The tree structure of FARFALLA data is ideal for a very modular style of physics analysis programs. A single FARFALLA tree may be constructed in memory and then read or manipulated by many small, simple routines. Some routines add to the tree - they may put raw data onto the tree, or they may do some reconstruction calculations and add reconstructed data to the tree. In some applications, there may be routines that remove nodes from the tree - perhaps all vertical scintillator box hits will be removed, or all tracks less than 2 m long. Finally, there will be routines that locate the data they want in the tree and perform some simple analysis task - perhaps filling a histogram or ntuple, or accumulating data for a running average. Most routines will be only a page or two long, and may be shared among users. (Incidentally, Ed Kearns' DASH package provides the ideal environment for this style of analysis.)
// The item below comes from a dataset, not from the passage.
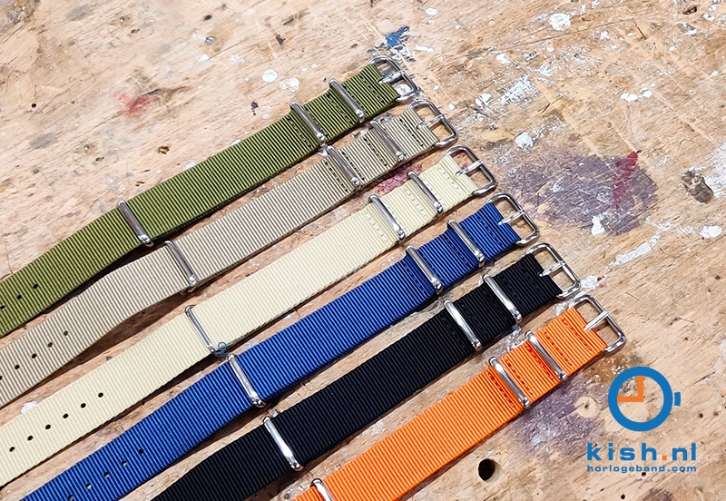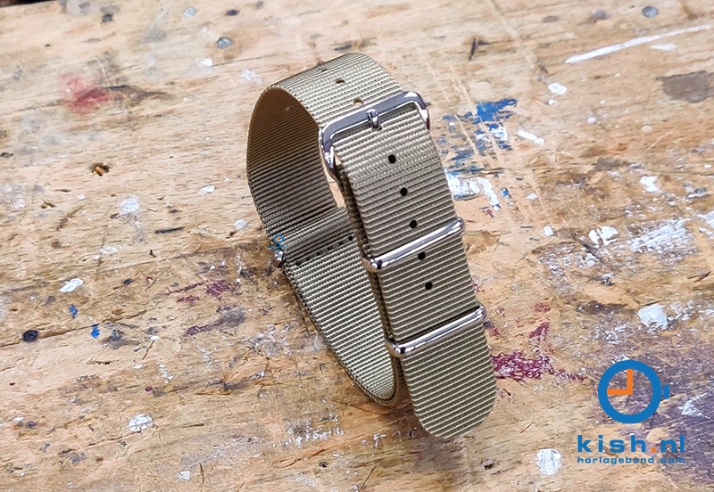 Textil Nato Band - beige. Dieses universelle Nato - Uhrenarmband ist aus ironclad gewebtem Nylon gefertigt. Das Nylonband verhindert, dass das Uhrengehäuse die Haut berührt und sorgt für Stabilität beim Tragen. Dieses Uhrenarmband ist aus einem Strück gefertigt und hat eine Einschubbefestigung. Schieben Sie das Armband durch die Federstege, die am Uhrengehäuse befestigt sind. Ziehen Sie es dann durch die verbleibende Klappe. Dadurch wird verhindert, dass die Uhr vom Band rutscht.

In MACRO, usually a FARFALLA tree will represent one MACRO event. The tree may be created by a DREAM job, which will put raw data and data reconstructed by standard DREAM routines onto the tree and then write the tree to disk. The resulting disk file can be considered a Data Summary Tape (DST). As explained in the FARFALLA User Guide, there may be a number of different FARFALLA DSTs produced by MACRO collaborators at different sites, each with a different choice of what data to write to disk and what data to throw away. For a given site, there may be one FARFALLA DST file for every run. The file will contain a large number of FARFALLA trees, each one representing a single event.
Once the DST file has been written to disk, it may be analyzed many times by many different users. There exists a FARFALLA routine to read one tree off of disk and recreate the tree in memory exactly as it was in the program that wrote it to disk. Once the tree is in memory, user routines may add nodes, remove nodes or do analysis on information in the tree.
These ideas are not unique to FARFALLA. Note that everything in this section would be just as valid if we had chosen to use ZEBRA instead of FARFALLA as our memory-management/input-output package.